Work instruction
A single stretch of the material below is to be transcribed exactly, starting at the line with "Personalized Goth Skull" and ending after the line with "Um dos momentos".

Working data Start Marker

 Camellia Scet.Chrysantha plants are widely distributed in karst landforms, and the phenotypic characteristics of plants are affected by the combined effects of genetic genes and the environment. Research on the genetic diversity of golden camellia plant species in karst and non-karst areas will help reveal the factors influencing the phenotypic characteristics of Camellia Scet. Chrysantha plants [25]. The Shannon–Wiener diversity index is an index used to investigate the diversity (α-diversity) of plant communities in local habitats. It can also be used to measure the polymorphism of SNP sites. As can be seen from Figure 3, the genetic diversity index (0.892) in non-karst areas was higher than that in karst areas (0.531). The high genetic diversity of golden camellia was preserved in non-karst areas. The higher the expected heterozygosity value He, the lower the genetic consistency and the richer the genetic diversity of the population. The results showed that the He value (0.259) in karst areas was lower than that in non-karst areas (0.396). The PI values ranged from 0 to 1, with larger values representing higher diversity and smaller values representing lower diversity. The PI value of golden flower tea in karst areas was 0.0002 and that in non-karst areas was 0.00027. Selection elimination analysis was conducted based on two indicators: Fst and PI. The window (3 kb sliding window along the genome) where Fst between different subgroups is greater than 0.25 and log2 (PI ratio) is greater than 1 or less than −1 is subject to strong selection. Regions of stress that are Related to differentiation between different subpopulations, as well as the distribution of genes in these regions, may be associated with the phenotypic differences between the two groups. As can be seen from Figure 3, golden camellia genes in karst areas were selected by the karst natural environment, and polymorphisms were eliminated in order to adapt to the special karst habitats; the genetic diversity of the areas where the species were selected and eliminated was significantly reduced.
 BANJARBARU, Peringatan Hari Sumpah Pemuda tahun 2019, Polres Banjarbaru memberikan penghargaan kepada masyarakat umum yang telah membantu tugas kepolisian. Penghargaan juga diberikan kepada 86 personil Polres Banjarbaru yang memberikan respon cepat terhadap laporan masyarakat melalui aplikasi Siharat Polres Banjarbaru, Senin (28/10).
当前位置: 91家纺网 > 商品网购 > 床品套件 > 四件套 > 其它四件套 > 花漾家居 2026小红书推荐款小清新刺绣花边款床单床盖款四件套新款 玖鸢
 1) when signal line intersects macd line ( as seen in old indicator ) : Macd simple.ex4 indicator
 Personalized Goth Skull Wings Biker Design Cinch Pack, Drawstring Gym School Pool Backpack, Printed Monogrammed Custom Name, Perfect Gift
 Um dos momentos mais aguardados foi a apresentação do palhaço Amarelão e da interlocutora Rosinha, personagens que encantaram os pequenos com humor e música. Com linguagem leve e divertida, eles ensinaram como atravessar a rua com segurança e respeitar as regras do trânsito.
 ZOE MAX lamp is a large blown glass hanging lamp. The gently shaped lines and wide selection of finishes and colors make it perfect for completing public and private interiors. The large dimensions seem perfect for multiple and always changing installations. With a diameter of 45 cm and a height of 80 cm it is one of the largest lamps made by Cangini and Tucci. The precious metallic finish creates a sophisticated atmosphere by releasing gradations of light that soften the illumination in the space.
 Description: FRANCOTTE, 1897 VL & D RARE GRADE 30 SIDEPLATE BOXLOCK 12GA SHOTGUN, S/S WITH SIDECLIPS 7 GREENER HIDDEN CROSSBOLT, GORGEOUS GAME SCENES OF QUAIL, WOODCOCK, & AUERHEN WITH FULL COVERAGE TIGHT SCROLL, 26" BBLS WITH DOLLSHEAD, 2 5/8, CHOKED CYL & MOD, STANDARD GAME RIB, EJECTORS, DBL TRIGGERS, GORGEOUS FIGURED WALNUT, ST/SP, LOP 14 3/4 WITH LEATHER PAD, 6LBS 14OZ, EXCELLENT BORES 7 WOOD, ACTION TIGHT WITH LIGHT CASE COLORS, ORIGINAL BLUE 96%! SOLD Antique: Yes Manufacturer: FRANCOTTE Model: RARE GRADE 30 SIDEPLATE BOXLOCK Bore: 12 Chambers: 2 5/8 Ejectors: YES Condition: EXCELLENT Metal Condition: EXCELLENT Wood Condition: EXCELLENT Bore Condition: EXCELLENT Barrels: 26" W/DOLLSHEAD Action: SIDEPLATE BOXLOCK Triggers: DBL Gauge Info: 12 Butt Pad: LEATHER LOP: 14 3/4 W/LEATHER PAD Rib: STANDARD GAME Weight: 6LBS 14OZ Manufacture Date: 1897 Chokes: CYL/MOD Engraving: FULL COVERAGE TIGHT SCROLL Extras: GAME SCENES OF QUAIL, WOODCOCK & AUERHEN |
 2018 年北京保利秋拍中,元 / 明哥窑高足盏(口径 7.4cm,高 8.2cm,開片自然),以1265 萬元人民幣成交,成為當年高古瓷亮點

Working data End Marker

Solution for this problem
 Personalized Goth Skull Wings Biker Design Cinch Pack, Drawstring Gym School Pool Backpack, Printed Monogrammed Custom Name, Perfect Gift
 Um dos momentos mais aguardados foi a apresentação do palhaço Amarelão e da interlocutora Rosinha, personagens que encantaram os pequenos com humor e música. Com linguagem leve e divertida, eles ensinaram como atravessar a rua com segurança e respeitar as regras do trânsito.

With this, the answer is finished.